The statistical test employed for this metastudy was the chi square distribution, employed in the standard way, to obtain a score for each of the special and general logistic-J, as well as for the log-series distribution. To make the scores obtained at different degrees of freedom comparable, they were converted to an equivalent score at ten degrees of freedom. If the null hypothesis is correct (all natural abundance distributions differ from the logistic-J only by chance) one would expect an average score of approximately 10 as “ideal.” The chi square distribution has a relatively high variance, however, so any average score within one unit of 10 would be extremely hard to rule out. See test scores.

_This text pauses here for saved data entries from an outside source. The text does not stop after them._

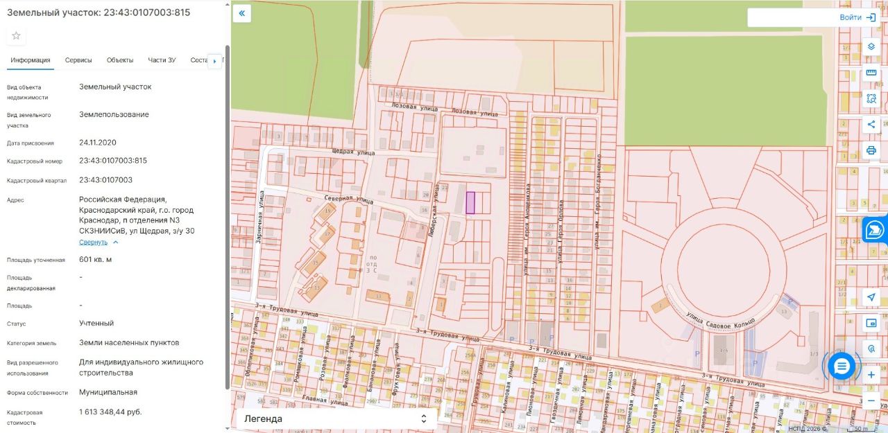 ЛОТ 1062-З Право заключения договора аренды земельного участка, расположенного по адресу: Российская Федерация, Краснодарский край, городской округ город Краснодар, п. отделения 3 СКЗНИИСиВ, ул. Щедрая, з/у 30, площадь 601 кв.м, форма собственности: муниципальная (муниципальное образование город Краснодар (собственность от 24.11.2020 23:43:0107003:815-23/226/2020-2), категория земель: земли населённых пунктов, с кадастровым номером 23:43:0107003:815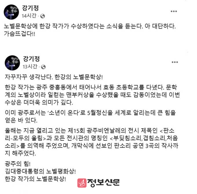 강 시장은 이날 페이스북에 “한강 작가는 광주 중흥동에서 태어나서 효동초등학교를 다녔다”며 “문학계의 노벨상이라 일컫는 맨부커상을 받았을 때도 감동이었는데, 이번 수상은 더더욱 의미가 깊다”고 축하했다.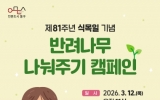 해남 박인석 기자2026. 03.11[AI 호남뉴스]광주 동구는 제81회 식목일을 앞두고 주민들이 직접 나무를 가꾸며 생활 속 환경보호를 실천할 수 있도록 오는 12일 5·18민주광장에서 ‘반려나무 나눠주기’ 캠페인을 개최한다고 밝혔다. 동구는 이날 오전 11시부터 서향나무(천리향) 1,000주를 1인 1그루씩 선착순으로 무료 분양한다. 구는 이번 행사를 통해 ‘1인 1나무 가꾸기’를 적극 홍보함으로써, 일상 속에서 기후위기 극복을 실천하고 녹색도시 조성에 기여할 것으로 기대하고 있다. 주민들이 가정과 생활공간에서 직접 나무를 돌보며 미세먼지 저감과 도시 환경 개선...
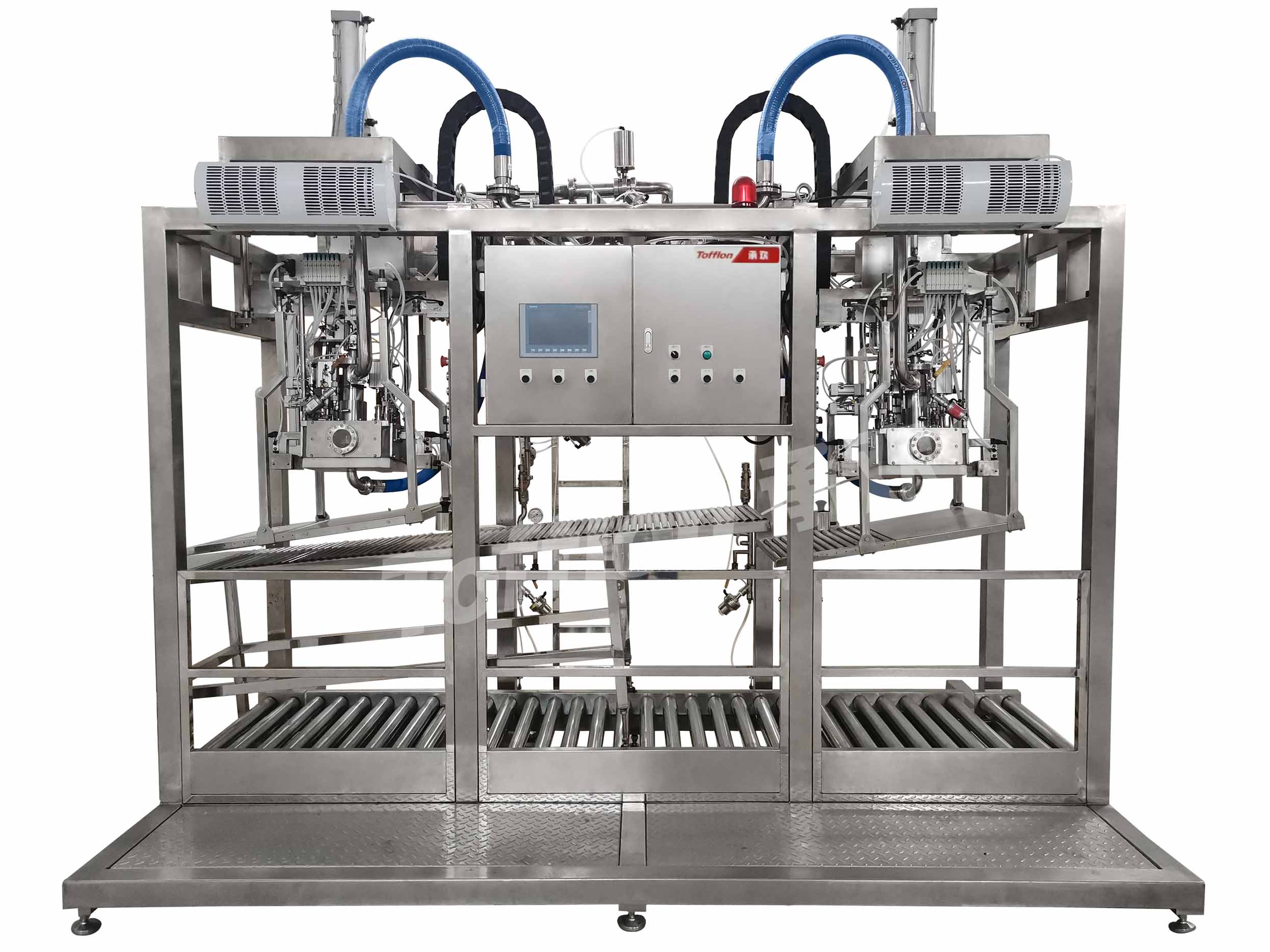 The aseptic large bag filling system integrated pre-sterilization, filling and cleaning, and can realize filling with various capacities of 5-220kg. According to customer needs, it can be designed as multiple filling heads or ton bags/ ton boxes and other filling forms, which can fill different capacity packaging containers at the same time, and is compatible with BIB packaging. It is suitable for aseptic filling of various products suah as fruit and vegetable juice, puree, fruit particles, jam, herbal tea, dairy products, etc.

The scores achieved by the three distributions are listed below:
Distribution Mean Standard Deviation
Special Logistic-J 10.84 5.33
General Logistic-J 10.81 5.51
Log-series 13.56 9.40

Another, more telling use of the converted chi square scores made it possible to reject the log-series distribution as a general candidate descriptor of natural abundance distributions. A paired difference test revealed a significant gap between the (special) logistic-J distribution and the log-series distribution. In this test, the differences between the former and latter distributions were computed for each biosurvey, producing the same effect as controlling for all variables except the scores of the respective distributions on it. This test produced the following confidence interval for the mean difference of 2.658 between scores for the special logistic-J and the log-series distribution over all 125 biosurveys:

[1.325, 3.991] (t-value 0.025)

The fact that the interval is bounded away from 0 means that with probability of only 0.025 we would err in asserting that the population of test scores for the log-series distribution is different from that of the logistic-J distribution. In other words, there is a statistically discernible difference between the two populations, as revealed by their test scores. Since the logistic-J distribution scored lower (i.e., better) on the 125 biosurveys, we may assert that it is, with very high probability (0.975) the superior descriptor of community abundances in the most general sense.

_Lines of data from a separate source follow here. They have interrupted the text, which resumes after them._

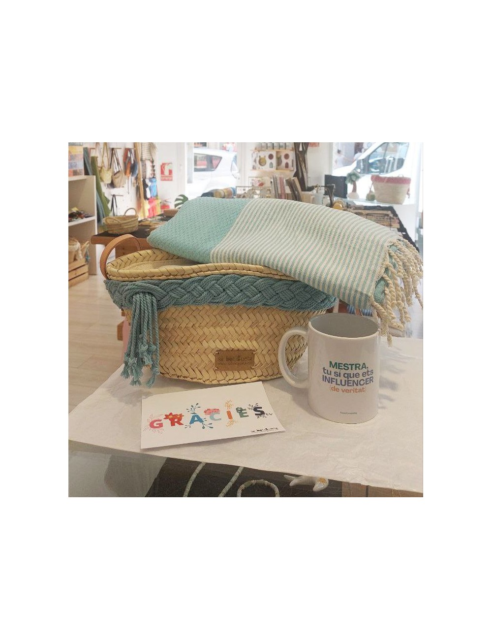 El conjunt consta d'un cabàs trena amb tancament cremallera 38€, tassa amb missatge 16€ i tovallola 22€.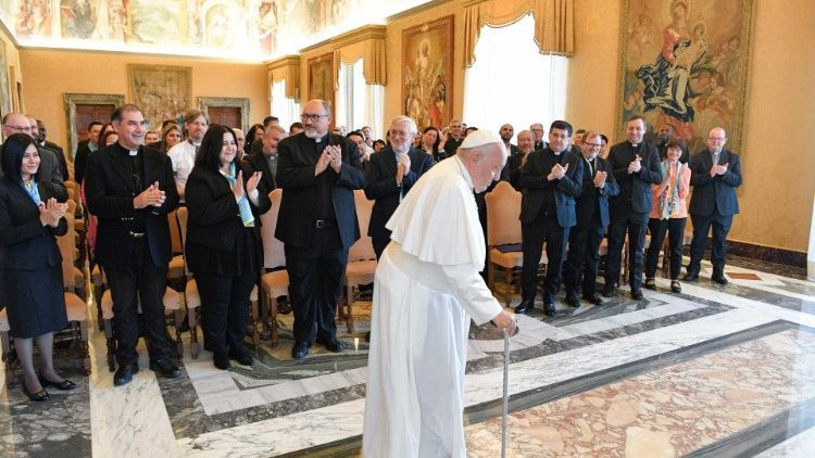 Ferenc pápa köszöntőjében emlékeztette a missziós férfi és női szerzeteseket arra, hogy a rendi lelkiségükről tartott konferenciájuk címe „Íme eljövök, hogy összegyűjtsek minden népet” (Iz 66,18), alapvető fontosságú üzenetet hordoz karizmájukkal kapcsolatban. Giovanni Battista Scalabrini olasz pap, aki az olasz emigránsok lelkipásztori gondozására alapította a rendet 1887-ben, arra tanította a szerzeteseket, hogy gondoskodjanak a rájuk bízottakról, tekintsék őket testvéreiknek az egység felé vezető úton, Jézus főpapi imájának szívből jövő szavai szerint (vö. Jn 17,20–23).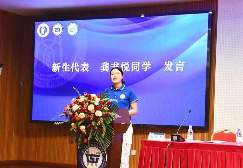 (图片说明:新生代表龚书悦同学发言)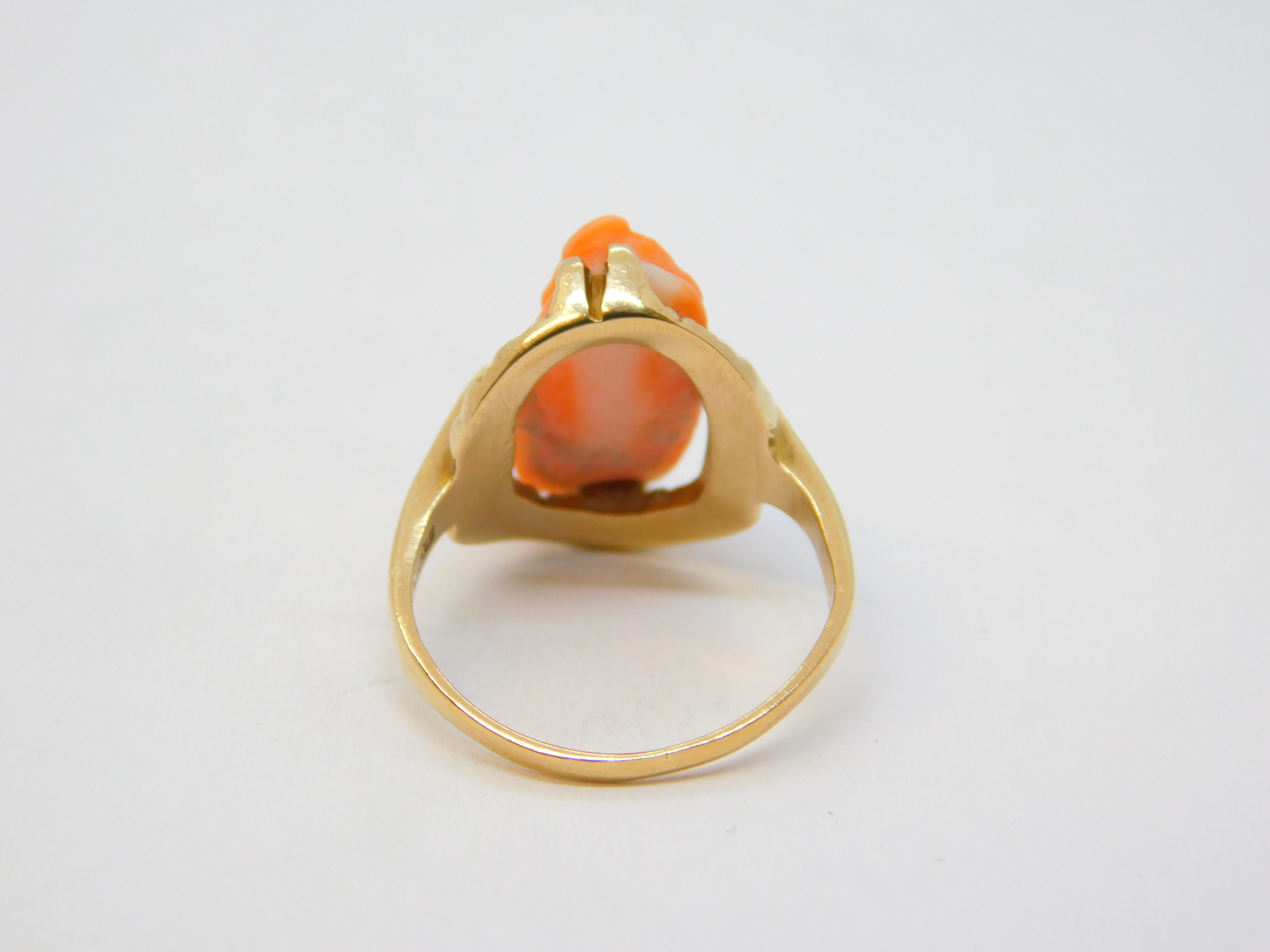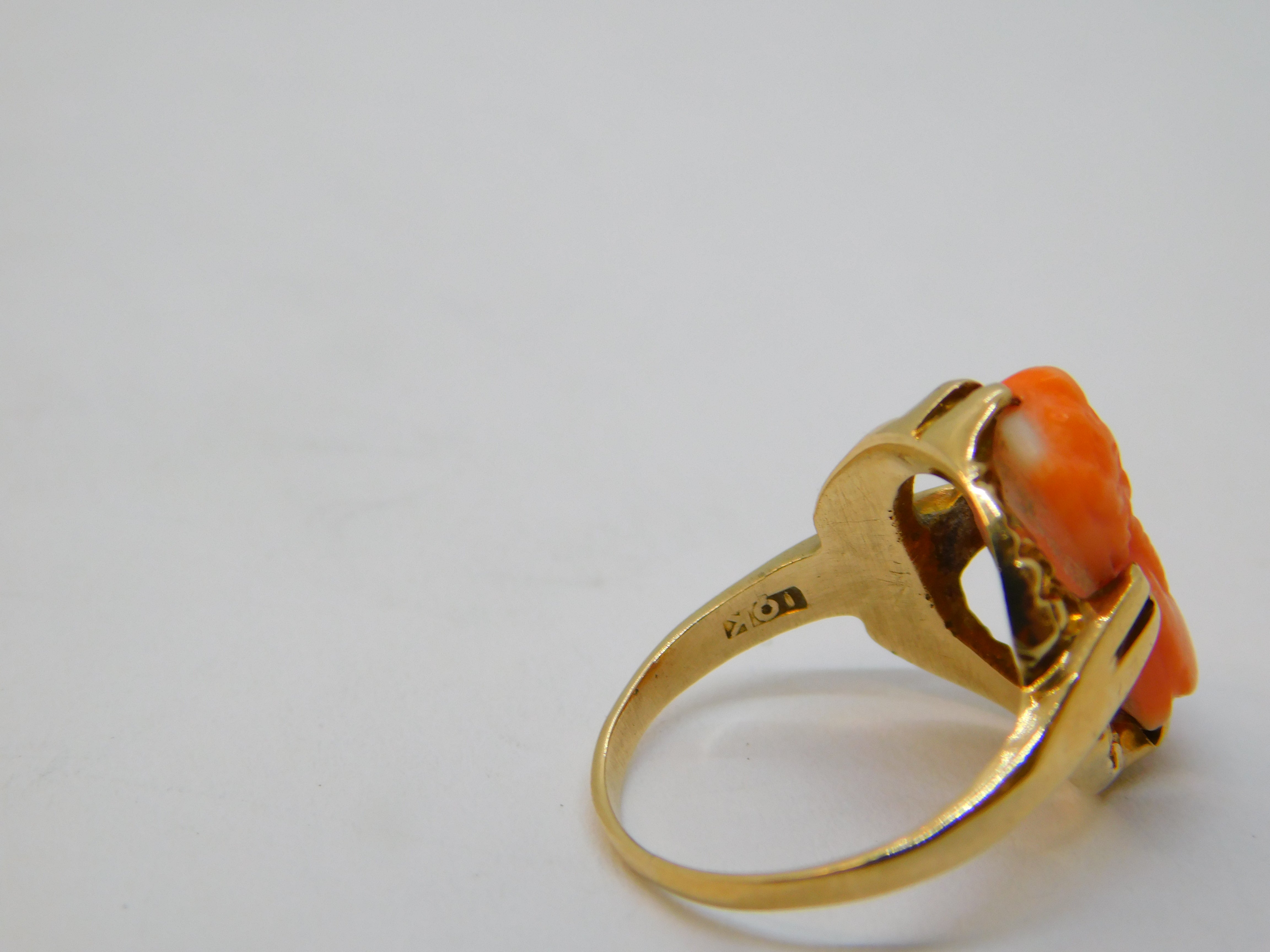 19th Century 10ct Gold, Carved Red Coral Cameo Dress Ring Antique c1880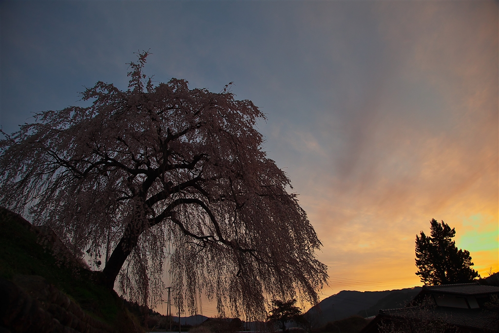 朝焼けのなかで岩太郎桜を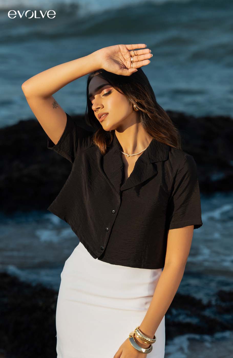 • Model stats: bust - 34 Inches, waist - 26 Inches, hips - 37 Inches

We can do even better than this. The average difference of 2.658 in test scores is bounded away from 0 by an even larger interval that corresponds to an even smaller t-value:

[0.578, 4.738] (t-value 0.001)

In short, it may be claimed that the special logistic-J distribution outperforms the log-series distribution by a statistically discernible margin over all possible field biosurveys (of the type with which we are familiar, at least) with a probability of 0.999. The same thing is true for the general logistic-J, as well. It also comes in with a slightly lower average score than the special distribution, although this is quite possibly accidental.

A third finding also supports the reality of the logistic-J distribution. The distribution predicts a specific value DELTA’ for the average maximum population in a community. When one forms the ratio of the maximum population in a given biosurvey with the theoretical prediction, DELTA, one obtains, typically, a number DELTA’/DELTA somewhere between 0.3 and 1.5. The average such ratio, taken over all 125 biosurveys, is shown for both versions of the logistic-J distribution in the next table:

Distributions average ratio (%) of actual to theoretical maximum abundance
Special logistic-J 100.4
General logistic-J 107.8

What makes this finding remarkable is that it is even approximately correct. What are the chances that a randomly chosen finite distribution would predict a limit which, on average, was accurate to within one order of magnitude (a factor of 10)? Very small indeed.

Nothing like this amount of evidence has ever been produced in favor of a theoretical proposal for species abundances in nature. Unfortunately, that is nothing to brag about!

In any case, the log-series distribution has been rejected overwhelmingly as the theoretical distribution of choice. Of all extant proposals, it was certainly the closest in shape to the logistic-J distribution.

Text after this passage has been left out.